Hyperparameters: the centers $\boldsymbol{\mu}_i$ and the covariance $\boldsymbol{\Sigma}$. Key property: each basis function is localized — it responds strongly near $\boldsymbol{\mu}_i$ and decays to zero elsewhere. This makes the model sensitive to structure in different regions of input space independently.

Logistic Sigmoid Basis

Logistic Sigmoid Basis Functions $$\phi_i(x) = \sigma\!\left(\frac{x - \mu_i}{s}\right), \qquad \sigma(a) = \frac{1}{1 + e^{-a}}$$

Hyperparameters: the offset $\mu_i$ (location of the transition) and the scale $s$ (steepness — large $s$ → gradual; small $s$ → sharp step). Each basis function acts as a smooth indicator: approximately 0 for $x \ll \mu_i$ and 1 for $x \gg \mu_i$, with a smooth transition around $\mu_i$. Linear combinations of shifted sigmoids can model piecewise-constant or threshold-type behavior.

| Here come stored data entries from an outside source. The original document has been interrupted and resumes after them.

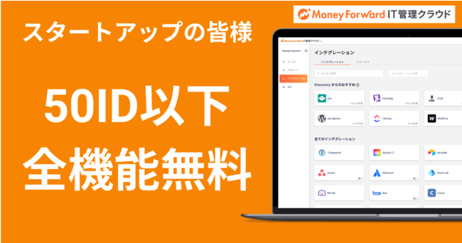 マネーフォワードi株式会社が提供するSaaS管理プラットフォーム『マネーフォワード IT管理クラウド』は、2022年11月11日で正式リリースから1年を迎えました。これを記念し、サービスのこれまでのあゆみを示したインフォグラフィックを公開しました。また、スタートアップ企業での活用を支援する「スタートアップ無料プラン(U50)」を提供開始することをお知らせいたします。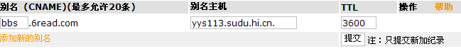 在域名前面填入“bbs",在“别名主机”栏里填入空间提供的智能CNAME地址“yys113.sudu.hi.cn. ”。这里需要注意的是,CNAME地址后面都有一个“."号,在输入的时候千万不要忘了把这个点给输入进去,如果忘了将有可能无法成功解析。输入完毕后点击“提交”。
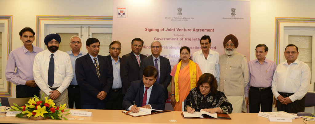 Chief Minister Smt. Vasundhara Raje witnessed the signing ceremony at CM residence when Principal Secretary Mines & Petroleum Smt. Aparna Arora and Director (Finance) of HPCL Shri J. Ramaswami signed the JV agreement respectively on behalf of the state government and the HPCL. The CM expressed satisfaction on the progress of the refinery. She directed the officials to proceed further on the project on equally fast pace as soon as the Environmental Clearance was received from the Union Ministry of Environment.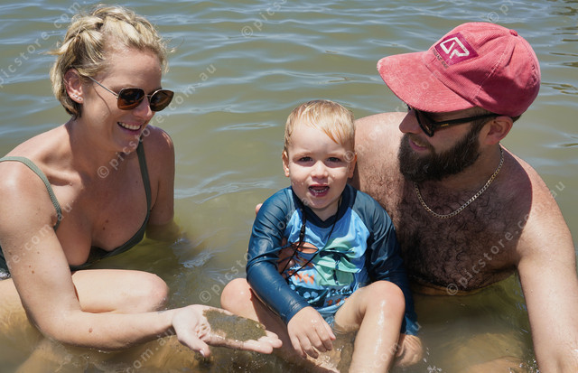 Enjoying a refreshing dip were Emilee Essex with George 2 and Emmanuel MacIndoe. (Solana Photography: 526779_06)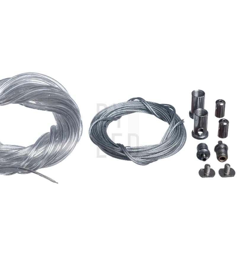 Купить комплект подвесов для светодиодного профиля/трека с прозрачным кабелем длиной 4000 мм можно в Минске с доставкой по Беларуси. В наличии оригинальный товар. Самовывоз доступен из торгового центра Ленинград.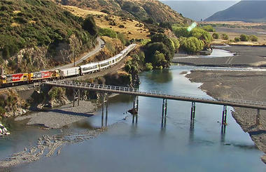 Diríjase a la estación de ferrocarril de Christchurch y parta en uno de los grandes viajes en tren del mundo, viajando de costa a costa a través de bosques y tierras de cultivo y sobre los espectaculares Alpes del Sur (8:15-13:05).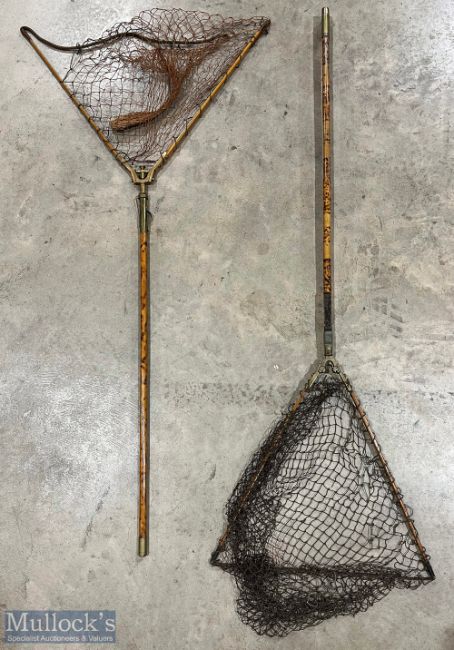 2x Period Folding Landing Nets, with burnt bamboo handless, brass fittings -1 has an unusual pull release mechanism to it, both unnamed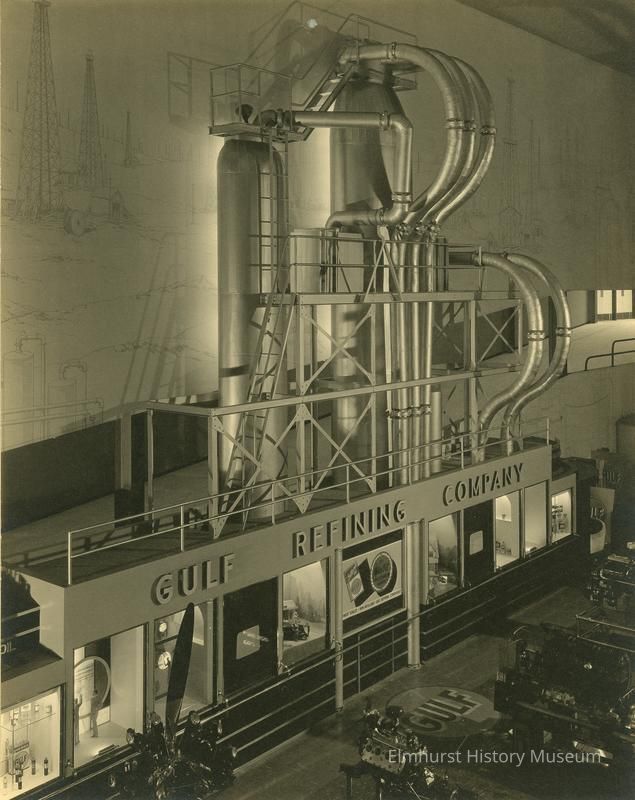 Gulf Refining Company display at the Century of Progress 1933-34 Chicago World's Fair. Curving pipes and cylinders appear to come out of the roof of a one-story structure with window displays across a passageway from rows of machines. The pipes are in front of a wall showing drawings of derricks. Photo is mounted on ecru paperboard mat.Photograph Details

5. Parameters vs. Hyperparameters

Parameters vs. Hyperparameters
Parameters Hyperparameters
WhatWeights $\mathbf{w}$Basis function type, $M$, $\boldsymbol{\mu}_i$, $s$, $\boldsymbol{\Sigma}$
How setOptimized automatically (MLE, MAP, …)Chosen by the designer
FlexibilityInside the chosen model classDefines which model class to use

Choosing a good set of basis functions (type and hyperparameters) is a design decision that requires domain knowledge and experimentation. It is not something the optimization handles automatically — that is the job of model selection, covered in Week 4.